Frank Maier-Rigaud, Ulrich Schwalbe, Nov 27, 2013
Damages caused by violations of Article 101 and 102 Treaty on the Functioning of the European Union are viewed as an important private enforcement complement to the public enforcement of competition law by the European Commission and National Competition Authorities in the European Union. There is an increasing amount of claims for damages, in particular as follow-on claims. When a claim for damages is presented in court, and compensation for the harm suffered is sought, quantifying the level of the damage suffered becomes necessary. In the last few years several theoretical and applied studies investigating the fundamental economic principles and empirical-econometric methods to determine damage have been presented with the aim to guide the courts on how to quantify damages and what amount of damages to ultimately award. This debate has been further fuelled by the EC’s proposed Directive with the aim of facilitating such claims that would provide for a common framework within which damage claims should be treated by National Courts.
As is generally accepted under EU law, and has been stated by the EC, “[c]ompensation for harm suffered aims to place the injured party in the position in which it would have been had the infringement of Article 101 or 102 TFEU not occurred: the actual position of the injured party has to be compared with the position in which this party would have been but for the infringement.”

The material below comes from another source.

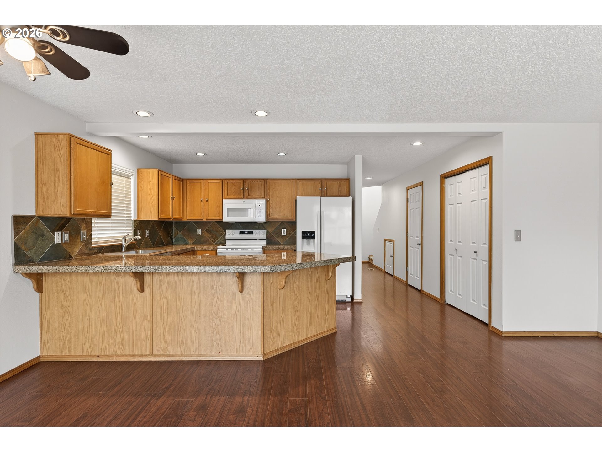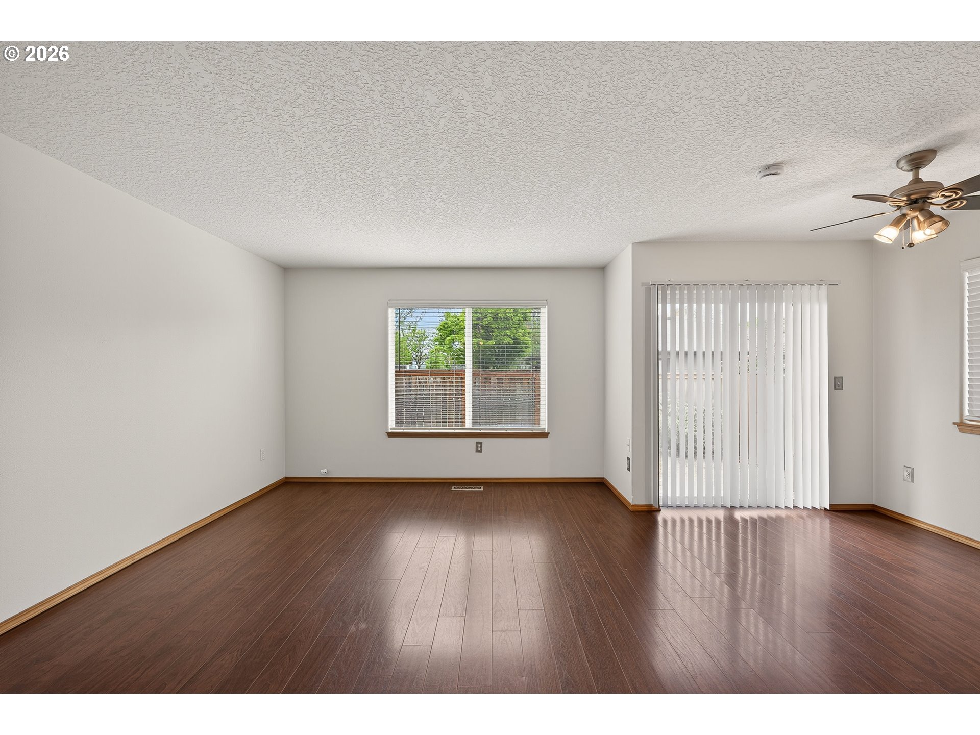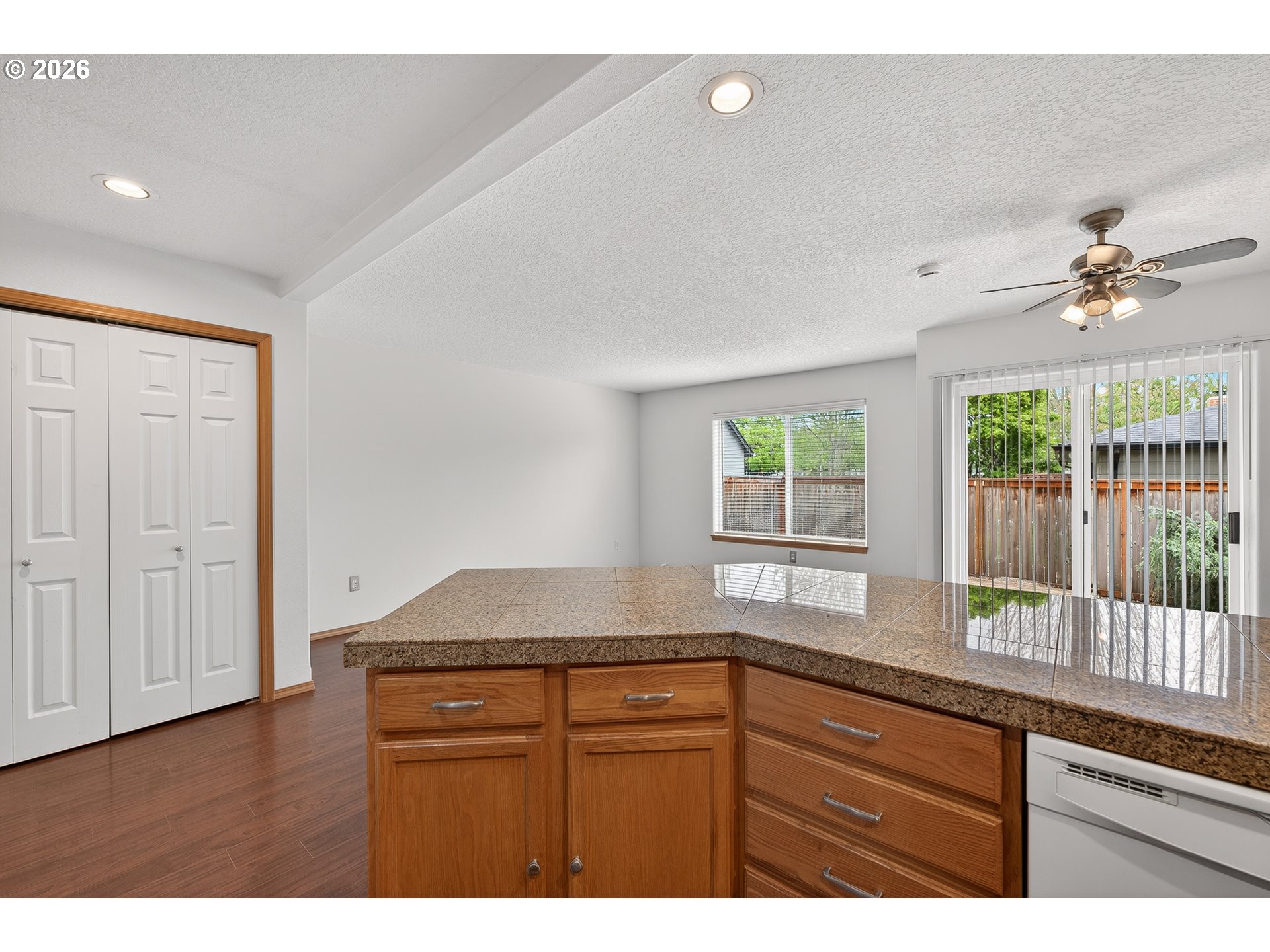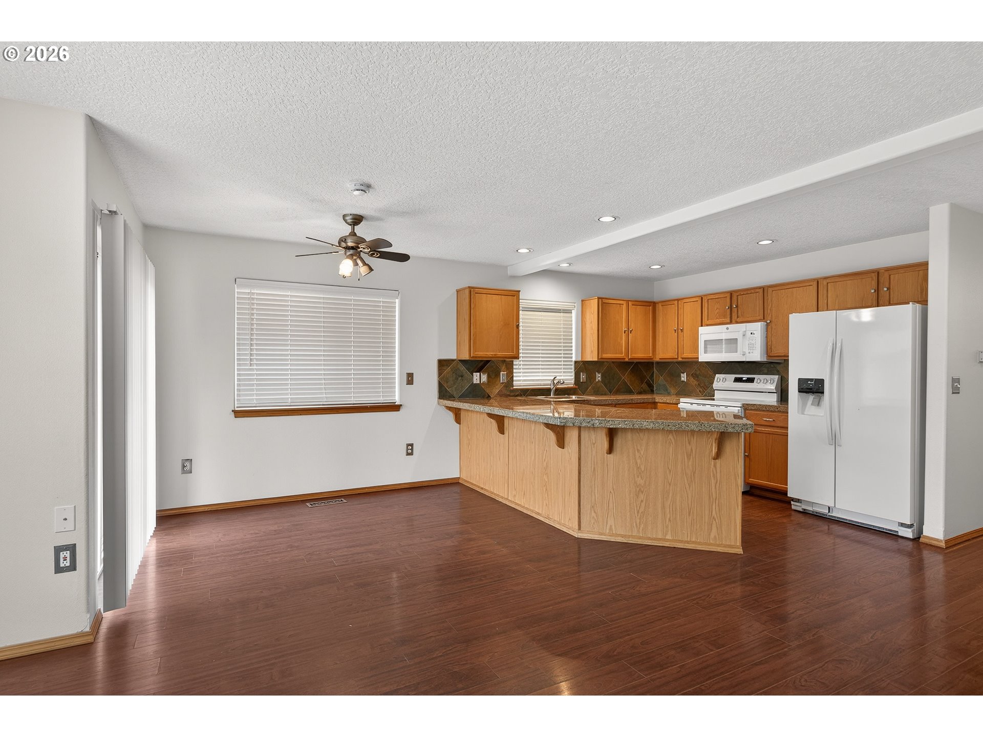 Updated attached home @ Creekside. Great Newberg location near parks, schools, & shopping. Open great room style kitchen living and dining area, wood floors throughout main level, kitchen with eat bar, granite tile countertop- new oven/stove, new sink. Vaulted primary suite with walk in closet & In-suite bathroom. Upper level laundry closet. Fenced back yard with decking. NO HOA fee.

This mandate comprises three aspects, the price effect (damnum emergens), the quantity effect (lucrum cessans), and interest on the damages. Using the example of a cartel, the price effect is the harm suffered by a purchaser of the cartelized product due to the effect of the price increase on its margin. It is related to the concept of overcharge, which is simply the quantity that the purchaser continues to buy multiplied by the price difference. The price effect is the overcharge adjusted for pass-on. The quantity effect, in turn, denotes the loss of profits of the purchaser of the cartelized product due to a reduction in sales resulting from (partial) pass-on.
Both price and quantity effect combined make up the harm that conceptually is equivalent to the difference in profits (or utility if final consumers are concerned) between the situation that would have prevailed in the absence of the infringement and the factual situation. Therefore, if the entire harm suffered from competition law infringements is to be claimed, then the calculation of damage should not be just a quantification of price effects, but also needs to quantify harm deriving from quantity effects.
In addition, while the discussion has generally focused on harm emanating from cartel infringements, the quantification of damage in abuse of dominance cases remains largely unexplored. The purpose of this article is to shed some light on the important role of quantity effects as part of the damage, and the particular challenges for the calculation and the assessment of harm in the context of Article 102 TFEU.